Some shop owners, both downtown and in the neighborhoods ravaged by the May riots, have already boarded up windows and are considering closures or reduced hours, a painful economic prospect for small enterprises just coming out of Covid–19 closures and restrictions. Others are trying to create a sense of calm, planning to keep display windows open and conduct business as usual. City officials and law enforcement have sent them confusing messages, one suggesting they board up and check their insurance policies, another assuring them that preparedness will keep their stores and employees safe.

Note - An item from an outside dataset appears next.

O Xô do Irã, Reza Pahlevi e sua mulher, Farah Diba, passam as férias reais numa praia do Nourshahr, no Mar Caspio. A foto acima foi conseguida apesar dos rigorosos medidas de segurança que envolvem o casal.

Meanwhile, a proposed charter amendment is making its way through the City Council, with the intention of placing it on the ballot next fall. The amendment calls for moving the police into a Department of Public Safety and removing the requirement for a minimum number of police. This amendment, highly controversial and frequently misrepresented as defunding or abolishing the police, would take control of the police out of the mayor’s hands. Oversight would be shared by the major and thirteen Council members.
Many of us calling for police reform don’t support the proposed new department because it dilutes accountability—and because nobody knows what it would actually be or do. This major shift in accountability and power is being debated while Chauvin, and by implication the nature of policing, is being tried as millions watch via livestreaming.
I’m a pacifist. I don’t believe guns solve problems. I’m also, most days, a realist. We live in a violent, gun-crazed country, riven by economic and racial injustice. Most of us have neither the temperament nor the training to break up a fight that involves weapons. Until such time when we can effectively address the underlying causes of crime, we will rely on police. The question for now is how to better recruit, train and, most critically, hold them accountable.
As you consider how to exercise your citizenship and protect your right to free speech, keep a watchful eye on Minneapolis. If our elected leadership again fails to balance civil rights with public safety, or if the judge and jury disappoint the people looking to the Chauvin trial for a small measure of justice, if voices of dissent (from any perspective) are suppressed, the resulting fury could again erupt nationwide. Having just (barely) squeezed ourselves out of Trumplandia, we may wake to another nightmare of intense, combative civil discord met by harsh policing and increased civilian surveillance.